Where:
Congregation Kehillath Israel
384 Harvard Street
Brookline, MA 02446
Admission:
FREE
Categories:
History, Lectures & Conferences, Music
Talk with author Larry Tye about his new book THE JAZZMEN: How Duke Ellington, Louis Armstrong and Count Basie Transformed America
ABOUT "THE JAZZMEN"
From the New York Times bestselling author of Satchel and Bobby Kennedy, a sweeping and spellbinding portrait of the longtime kings of jazz—Duke Ellington, Louis Armstrong, and Count Basie—who, born within a few years of one another, overcame racist exclusion and violence to become the most popular entertainers on the planet.

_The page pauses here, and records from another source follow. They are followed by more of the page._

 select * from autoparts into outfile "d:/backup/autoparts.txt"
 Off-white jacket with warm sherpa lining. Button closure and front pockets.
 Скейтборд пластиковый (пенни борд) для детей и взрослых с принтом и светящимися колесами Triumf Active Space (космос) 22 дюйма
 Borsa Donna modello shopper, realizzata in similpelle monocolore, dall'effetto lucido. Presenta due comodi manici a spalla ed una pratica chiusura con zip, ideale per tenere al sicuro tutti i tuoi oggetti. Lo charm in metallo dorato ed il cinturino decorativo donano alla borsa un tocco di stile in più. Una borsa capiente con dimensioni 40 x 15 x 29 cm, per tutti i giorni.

This is the story of three revolutionary American musicians, the maestro jazzmen who orchestrated the chords that throb at the soul of twentieth-century America.
Duke Ellington, the grandson of slaves who was christened Edward Kennedy Ellington, was a man whose story is as layered and nuanced as his name suggests and whose music transcended category.

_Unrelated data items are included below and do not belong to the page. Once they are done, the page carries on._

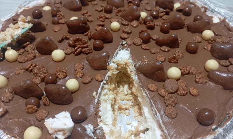 - הכנת הגנאש: בסיר ממיסים את השוקולד עם השמן ומערבבים היטב, מכבים את האש ומטמיעים פנימה את הקצפת ששמרנו בצד. שופכים בזהירות על שכבת הגבינה.
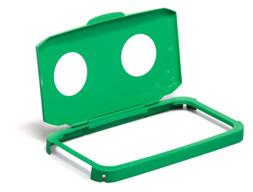 A key part of a colour-coded recycling system, this green lid helps users quickly identify the correct bin for bottles and cans, ensuring compliance with workplace waste separation guidelines and UK recycling legislation.
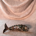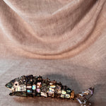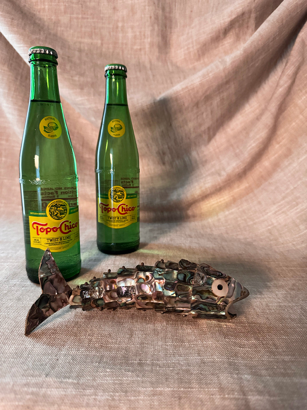 Origin: a vintage abalone shell and brass bottle opener by Los Castillo. Made in Taxco, Mexico, circa 1960. Please note the few missing pieces around the tail end; it does not affect the overall beauty, nor the function of the piece. Size: 7.5" long x 3" wide
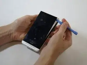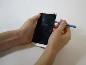 Используйте пластиковый инструмент для открытия, чтобы ослабить клей вокруг экрана.
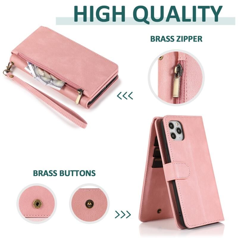 For iPhone 11 Skin-feel Crazy Horse Texture Zipper Wallet Bag Horizontal Flip Leather Case with Holder & Card Slots & Wallet & Lanyard (Rose Gold)
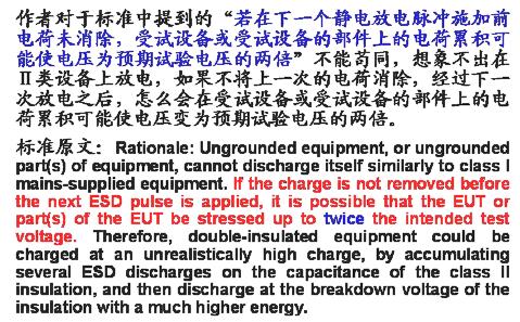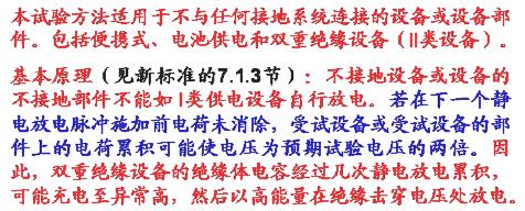 關於不接地設備的試驗配置,新版標準與舊版標準的配置是相同的。關鍵是在單次放電時(無論是空氣的,還是接觸的),試品上的電荷應當在每次施加靜電放電脈衝之前先行釋放(釋放掉在需要施加靜電放電的金屬點或金屬部位上的電荷)。
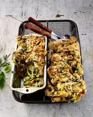 Preheat oven (electric cooker: 200 °C/circulating air: 175 °C/gas: see manufacturer). Grease a box mould (25-30 cm long; approx. 1 3⁄4 l capacity). Place vertically. Layer pieces of dough in the mould.

Louis Daniel Armstrong was born in a New Orleans slum so tough it was called The Battlefield and, at age seven, got his first musical instrument, a ten-cent tin horn that drew buyers to his rag-peddling wagon and set him on the road to elevating jazz into a pulsating force for spontaneity and freedom.
William James Basie, too, grew up in a world unfamiliar to white fans—the son of a coachman and laundress who dreamed of escaping every time the traveling carnival swept into town, and who finally engineered his getaway with help from Fats Waller.
What is far less known about these groundbreakers is that they were bound not just by their music or even the discrimination that they, like nearly all Black performers of their day, routinely encountered. Each defied and ultimately overcame racial boundaries by opening America’s eyes and souls to the magnificence of their music. In the process they wrote the soundtrack for the civil rights movement.
Based on more than 250 interviews, this exhaustively researched book brings alive the history of Black America in the early-to-mid 1900s through the singular lens of the country’s most gifted, engaging, and enduring African-American musicians.
ABOUT LARRY TYE (author)
Larry Tye is a New York Times bestselling author whose most recent book is Demagogue: The Life and Long Shadow of Senator Joe McCarthy.
Tye’s first book, The Father of Spin, is a biography of public relations pioneer Edward L. Bernays. Home Lands looks at the Jewish renewal underway from Boston to Buenos Aires. Rising from the Rails explores how the black men who worked on George Pullman’s railroad sleeping cars helped kick-start the Civil Rights movement and gave birth to today’s African-American middle class. Shock, a collaboration with Kitty Dukakis, is a journalist’s first-person account of ECT, psychiatry’s most controversial treatment, and a portrait of how that therapy helped one woman overcome debilitating depression. Satchel is the biography of two American icons – Satchel Paige and Jim Crow. Superman tells the nearly-real life story of the most enduring American hero of the last century. Bobby Kennedy: The Making of a Liberal Icon explores RFK’s amazing transformation from cold warrior to fiery leftist.
Tye’s previous book, Demagogue: The Life and Long Shadow of Senator Joe McCarthy, was released in 2020 by Houghton Mifflin Harcourt.
In addition to his writing, Tye runs the Boston-based Health Coverage Fellowship, which helps the media do a better job reporting on critical issues like public health and pandemics, mental health and the health impacts of climate change, and racial, ethnic and gender disparities in health care. Launched in 2001 and supported by a series of foundations, the fellowship trains a dozen medical journalists a year from newspapers, radio stations, and TV outlets nationwide.
From 1986 to 2001, Tye was an award-winning reporter at The Boston Globe, where his primary beat was medicine. He also served as the Globe’s environmental reporter, roving national writer, investigative reporter, and sports writer. Before that, he was the environmental reporter at The Courier-Journal in Louisville, and covered government and business at The Anniston Star in Alabama.
Tye, who graduated from Brown University, was a Nieman Fellow at Harvard University in 1993-94. He taught journalism at Boston University, Northeastern, and Tufts.
Tye is now writing, for HarperCollins, The Jazzmen: How Duke Ellington, Satchmo Armstrong and Count Basie Transformed America.